The data ::

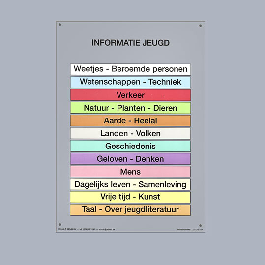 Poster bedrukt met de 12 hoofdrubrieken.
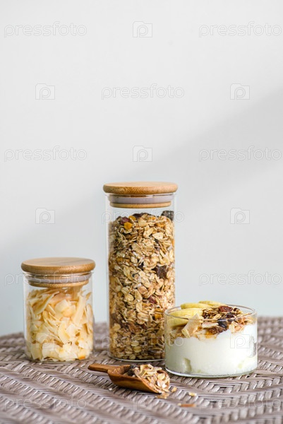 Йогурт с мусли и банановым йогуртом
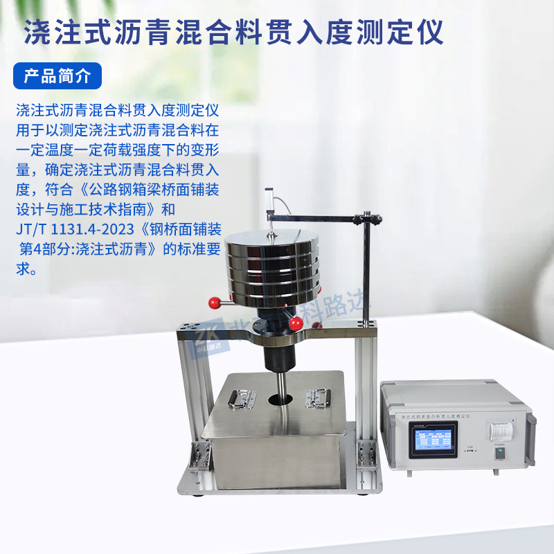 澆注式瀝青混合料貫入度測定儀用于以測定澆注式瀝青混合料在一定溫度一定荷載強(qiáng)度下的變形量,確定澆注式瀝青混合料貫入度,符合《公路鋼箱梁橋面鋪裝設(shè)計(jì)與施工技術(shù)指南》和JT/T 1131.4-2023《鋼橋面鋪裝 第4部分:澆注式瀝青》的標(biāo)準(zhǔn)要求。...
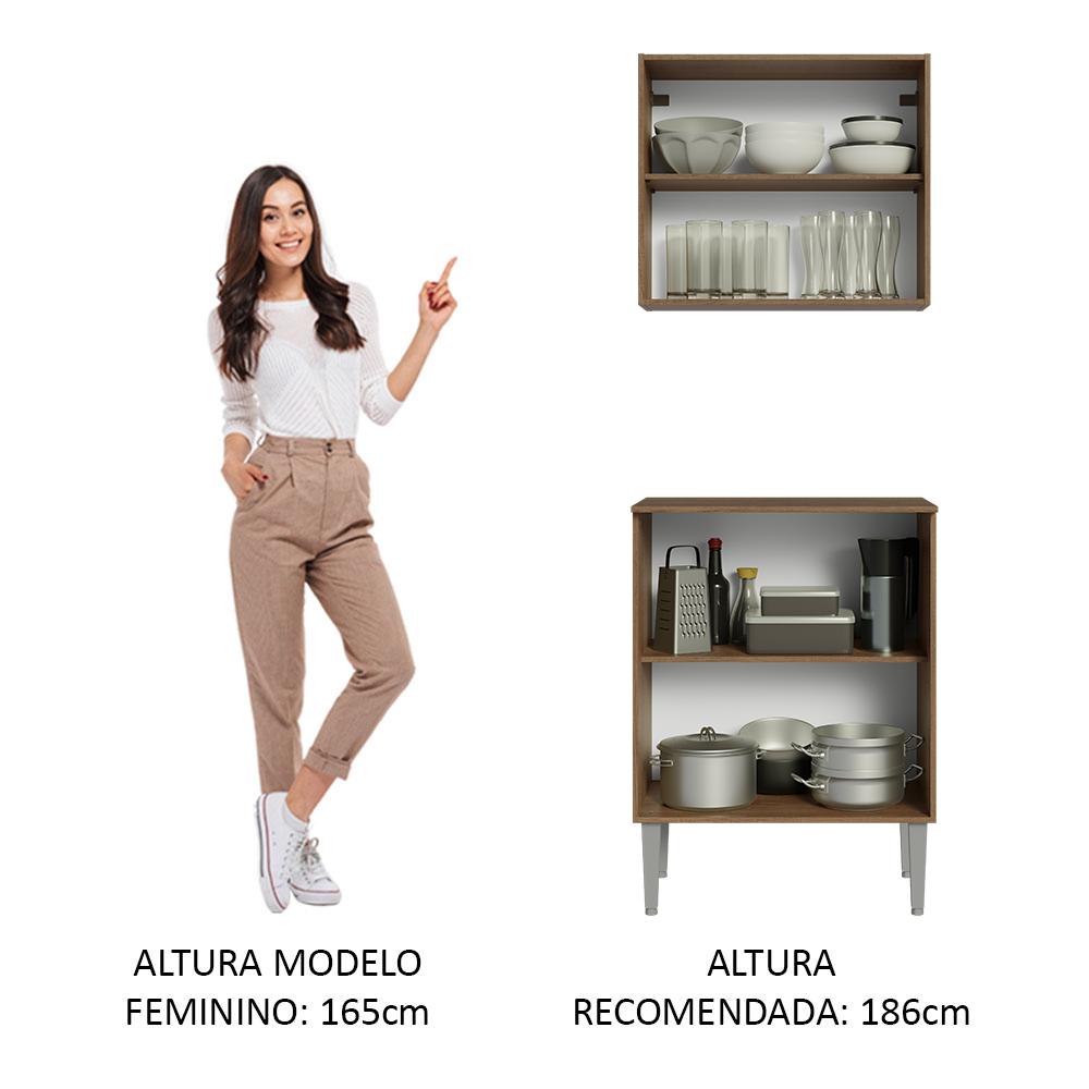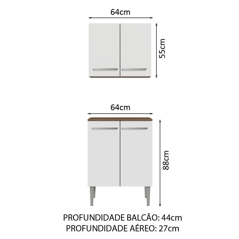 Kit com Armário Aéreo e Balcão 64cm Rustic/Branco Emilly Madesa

Instructions to follow ::
Please retype the listing exactly, leaving out any images.

Task result ::
 Poster bedrukt met de 12 hoofdrubrieken.
 Йогурт с мусли и банановым йогуртом
 澆注式瀝青混合料貫入度測定儀用于以測定澆注式瀝青混合料在一定溫度一定荷載強(qiáng)度下的變形量,確定澆注式瀝青混合料貫入度,符合《公路鋼箱梁橋面鋪裝設(shè)計(jì)與施工技術(shù)指南》和JT/T 1131.4-2023《鋼橋面鋪裝 第4部分:澆注式瀝青》的標(biāo)準(zhǔn)要求。...
 Kit com Armário Aéreo e Balcão 64cm Rustic/Branco Emilly Madesa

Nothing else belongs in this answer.